In my view, blended facilitation is a continuous process. It starts at the point of an idea and or conversation taking place during a youth work session, staff meeting, conversation in a coffee room or in a work car park. Capturing the offline dialogue and translating that online (tweet, audio or mobile recording , facebook status update, photo or scribbled notes, sharing a web-link of an article that sparked the idea) to share with other people who may be interested or know someone else or an organisation who may have information, contacts, funding or training opportunities to help the idea flourish and grow.
Being consistent in uploading and sharing content along the journey to the end goal. Supporting people to micro-blog, create a photos storyboard, capture a discussion on camera and/or posting extracts from tweet #tag feeds. Throughout this process ‘reaching out’ to the people who can make change in local communities ie. Parent(s), community members, local MPs, District council members, senior managers of local educational boards, head teachers. Again, you need to share, show and support people how to access, use and be creative with digital tools i.e. parent(s) may not know how to tweet, a MP may have never logged onto a forum and posted a response, a head teacher may not know what a popcast is.
The key element in my view is not to impose new ideas or change but to understand the ‘starting point’ to the situation/challenge for the young person, young people, community members, colleagues, managers, council members, funders etc. Currently we are facing huge challenges that we as a collective need to deconstruct, understand and collaboratively form responses to high unemployment rates, sexual abuse of children and young people (NSPCC), isolation and negative portray of young people by main stream media, escalation of self harm & poor mental health in young people.

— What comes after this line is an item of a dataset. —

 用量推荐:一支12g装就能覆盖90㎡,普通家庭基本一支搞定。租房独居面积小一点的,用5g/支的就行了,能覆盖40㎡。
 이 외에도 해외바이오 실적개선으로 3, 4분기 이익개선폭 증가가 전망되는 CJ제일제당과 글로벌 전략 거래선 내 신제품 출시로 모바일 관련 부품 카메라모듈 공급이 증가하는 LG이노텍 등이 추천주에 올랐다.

Blended facilitation requires me, you, us to ask:

  • What questions are they asking?
  • What is value base/boundaries for each person? Group? Community?
  • What conflict, misunderstanding have or could take place?
  • Are they interested?
  • What does success look like for each person? Group? Community?

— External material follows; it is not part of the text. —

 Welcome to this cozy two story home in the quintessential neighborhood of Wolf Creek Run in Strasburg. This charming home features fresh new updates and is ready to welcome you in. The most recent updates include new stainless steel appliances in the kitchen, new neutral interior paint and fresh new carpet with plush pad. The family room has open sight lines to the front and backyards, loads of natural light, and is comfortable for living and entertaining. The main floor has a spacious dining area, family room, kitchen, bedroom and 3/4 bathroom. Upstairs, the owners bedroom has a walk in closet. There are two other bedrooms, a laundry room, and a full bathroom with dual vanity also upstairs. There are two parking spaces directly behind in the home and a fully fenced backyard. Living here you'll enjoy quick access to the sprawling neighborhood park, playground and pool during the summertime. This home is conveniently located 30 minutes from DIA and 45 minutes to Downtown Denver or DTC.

  • What elements are capturing their interest?
  • What are their concerns/worst case scenarios going around their head?

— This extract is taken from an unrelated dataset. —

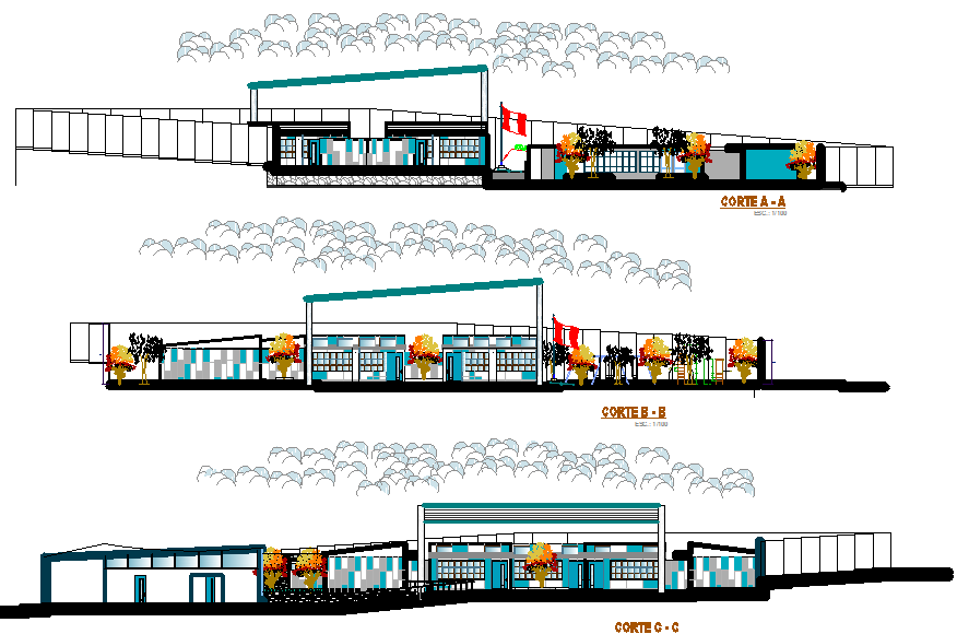 Section detail dwg file, Section detail with naming detail, both side tree detail, galss detail, main gate detail with section A-A’ detail with flag detail, section B-B’ with detail window and door detail, section C-C’ detail 12 feet high main gate detail, etc.

  • What training/resources do they need?
  • Who do they trust?
  • How do they want to express their views?

I have been delivering social media training for over 4 years across the UK and typically organisations and practitioners are seeking a ‘one-fit-for-all’ solution to using social media. That is unrealistic and is discriminative to those who need different digital communication models, support or information. As practitioners we need to reflect and critically analyses our interpretation(s) and understanding of young peoples views and aspirations to build inclusive healthier and economically viable society. The challenge is have any of us lived or experienced that society. What is nirvana to a young person?
I am excited about the upcoming meeting and spending time listening and hearing various ideas that will bounce around the room to tackle the complexities that young people across the UK are experiencing.